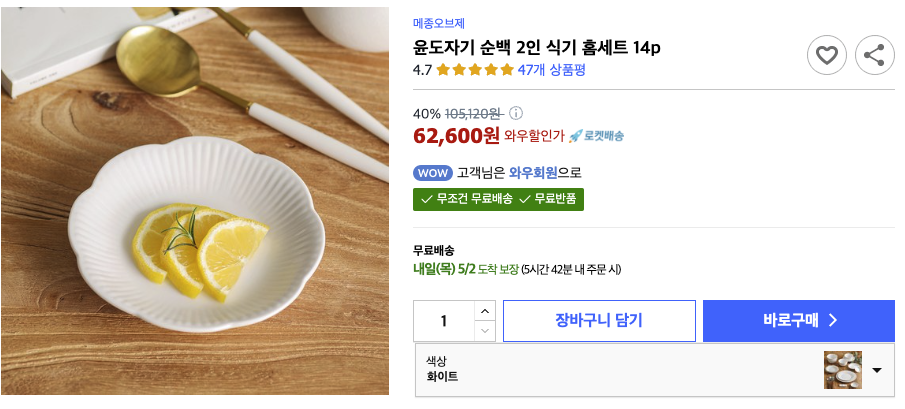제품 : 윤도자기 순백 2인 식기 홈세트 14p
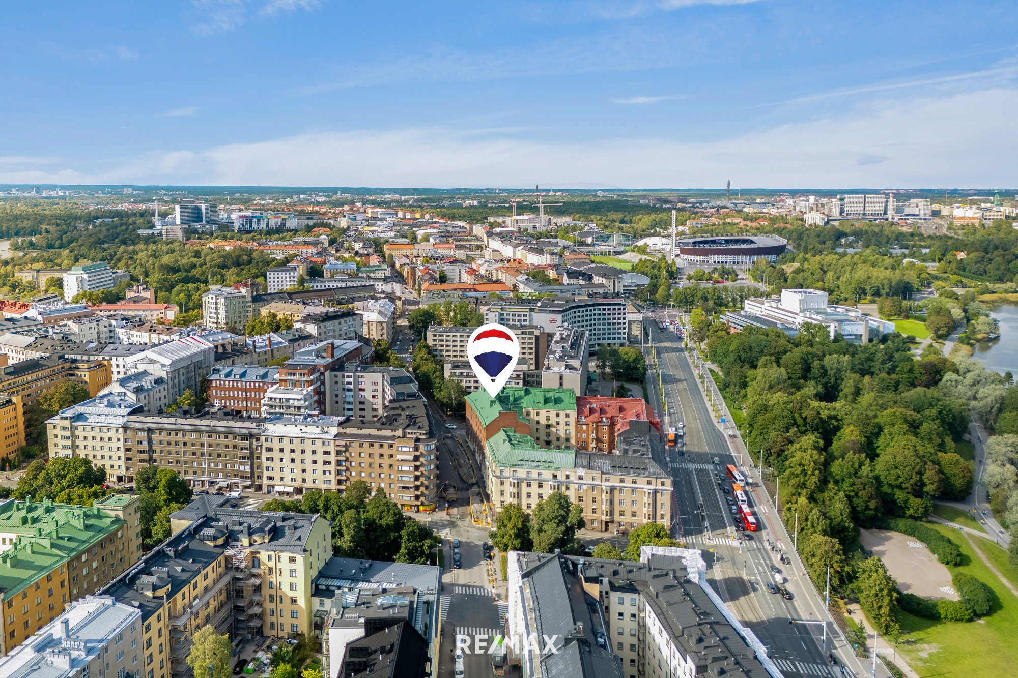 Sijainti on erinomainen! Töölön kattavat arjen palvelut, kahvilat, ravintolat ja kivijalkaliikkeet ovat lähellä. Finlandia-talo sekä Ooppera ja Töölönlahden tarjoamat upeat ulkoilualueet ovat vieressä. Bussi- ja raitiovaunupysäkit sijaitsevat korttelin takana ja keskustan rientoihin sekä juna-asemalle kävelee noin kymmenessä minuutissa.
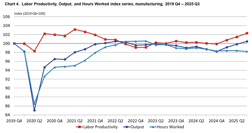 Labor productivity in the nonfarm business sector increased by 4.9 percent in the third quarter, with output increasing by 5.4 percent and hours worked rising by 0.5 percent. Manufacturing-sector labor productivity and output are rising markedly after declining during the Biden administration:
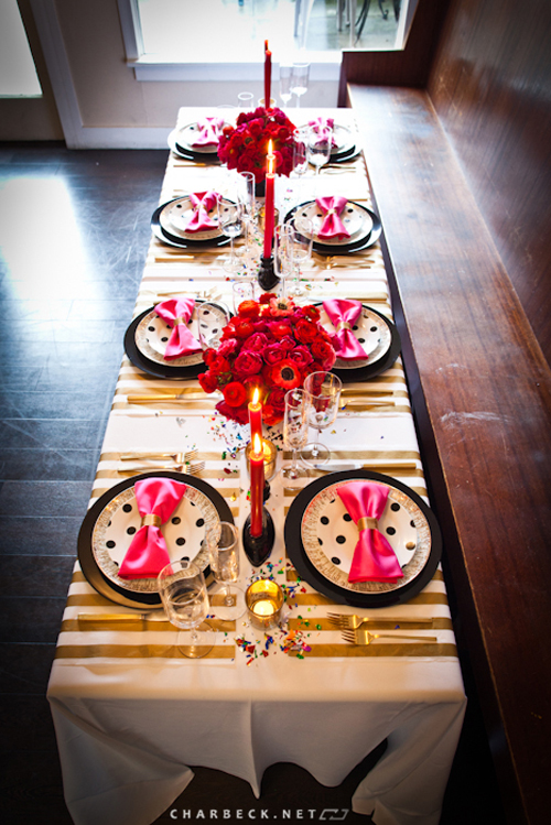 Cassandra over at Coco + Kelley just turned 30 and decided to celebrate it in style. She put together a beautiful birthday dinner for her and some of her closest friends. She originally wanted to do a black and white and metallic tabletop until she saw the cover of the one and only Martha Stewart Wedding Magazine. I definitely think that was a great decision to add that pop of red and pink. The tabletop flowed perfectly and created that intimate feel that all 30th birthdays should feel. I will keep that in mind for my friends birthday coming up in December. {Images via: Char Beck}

··········

The material above is to be set down exactly, with pictures removed.

> REPLY TO THE EXERCISE:
제품 : 윤도자기 순백 2인 식기 홈세트 14p
 Sijainti on erinomainen! Töölön kattavat arjen palvelut, kahvilat, ravintolat ja kivijalkaliikkeet ovat lähellä. Finlandia-talo sekä Ooppera ja Töölönlahden tarjoamat upeat ulkoilualueet ovat vieressä. Bussi- ja raitiovaunupysäkit sijaitsevat korttelin takana ja keskustan rientoihin sekä juna-asemalle kävelee noin kymmenessä minuutissa.
 Labor productivity in the nonfarm business sector increased by 4.9 percent in the third quarter, with output increasing by 5.4 percent and hours worked rising by 0.5 percent. Manufacturing-sector labor productivity and output are rising markedly after declining during the Biden administration:
 Cassandra over at Coco + Kelley just turned 30 and decided to celebrate it in style. She put together a beautiful birthday dinner for her and some of her closest friends. She originally wanted to do a black and white and metallic tabletop until she saw the cover of the one and only Martha Stewart Wedding Magazine. I definitely think that was a great decision to add that pop of red and pink. The tabletop flowed perfectly and created that intimate feel that all 30th birthdays should feel. I will keep that in mind for my friends birthday coming up in December. {Images via: Char Beck}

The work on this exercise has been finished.